Monday, July 7, 2014

Sideways



Some stars disappear when you look at them straight on. Pale glints in your peripheral vision when you look up, they slide into blackness when you turn your eyes toward them. The issue is in our eyes: the cones concentrated in the central part of the cornea—the part we use when we look at something head-on—do not pick up the dim light that the rods around the edges of the cornea do. Regardless of the constancy of what we're looking at, we are stuck with what our eyes can see: stars-like-phantoms. They must be approached sideways, and gently.

It’s not just stars, though.

It’s something I’ve been thinking about for months—the sideways-ness of things.

It is ever-present in teaching, especially so for me this past year, working with a small group of children every day. Threaded all through the process of learning violin are other things: how we treat one another, how we handle problems, how we respond to frustration. How we show love and respect and kindness. How we create and respond to beauty. How we learn to discipline our fingers, our ears, our mouths, our minds. How we simply learn one another and build relationships—complicated, real, and gritty.

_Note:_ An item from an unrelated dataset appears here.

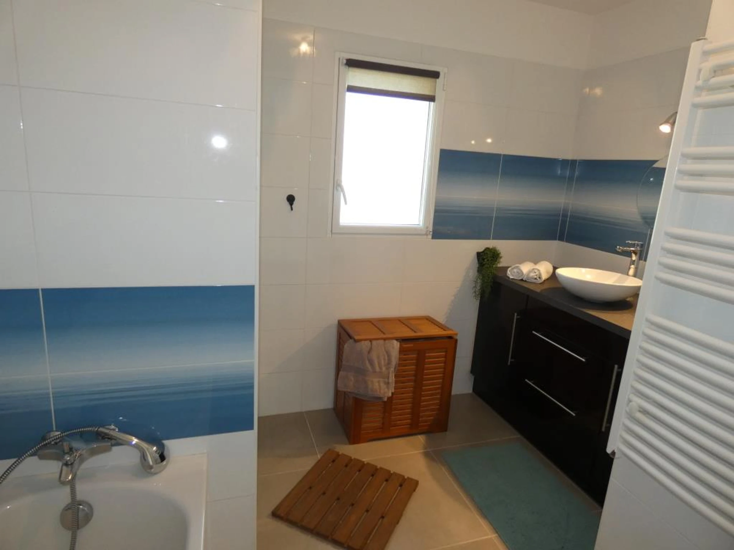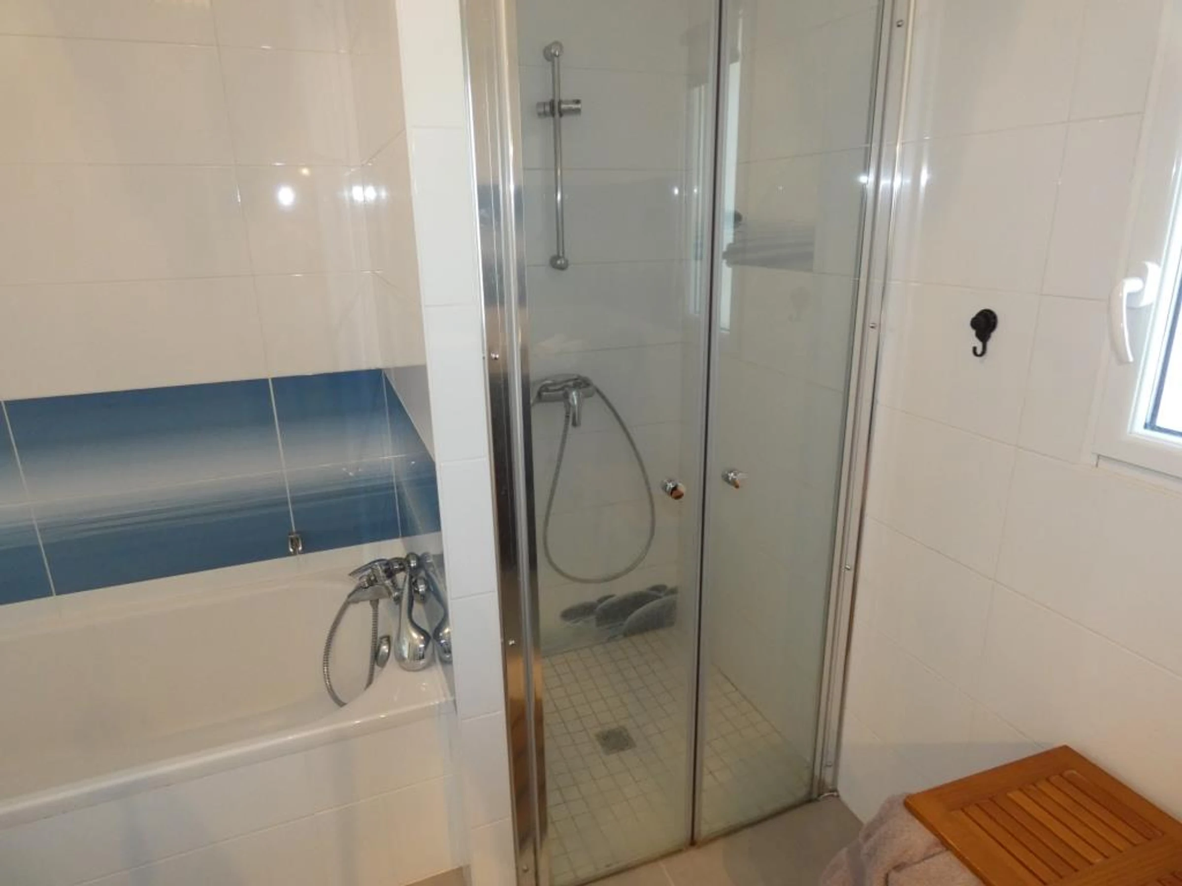 - Ein Badezimmer mit einer Badewanne sowie einer Dusche.

This is why I find it hard to write about teaching. It is personal, ongoing, complex. It is also universal. The fact that I can focus on one thing—learning to play violin—is very helpful, because I can rule out Everything Else. Except I draw on Everything Else to do it—faith, psychology, physics, storytelling, eating Dorito’s—everything. And then of course it turns out that learning violin touches everything else. Try to nail the whole thing down, narrow it, look at it too directly, and you start to lose sight of certain things. Sometimes you have no choice but to approach sideways, gently.

It’s fair, I think, to start wondering which is the true artthe direct work or the sideways, the music or the people working on the music? It’s both things at once of course, but it’s worth considering what you might see when you shift your focus, and what is most important to you to see in the end.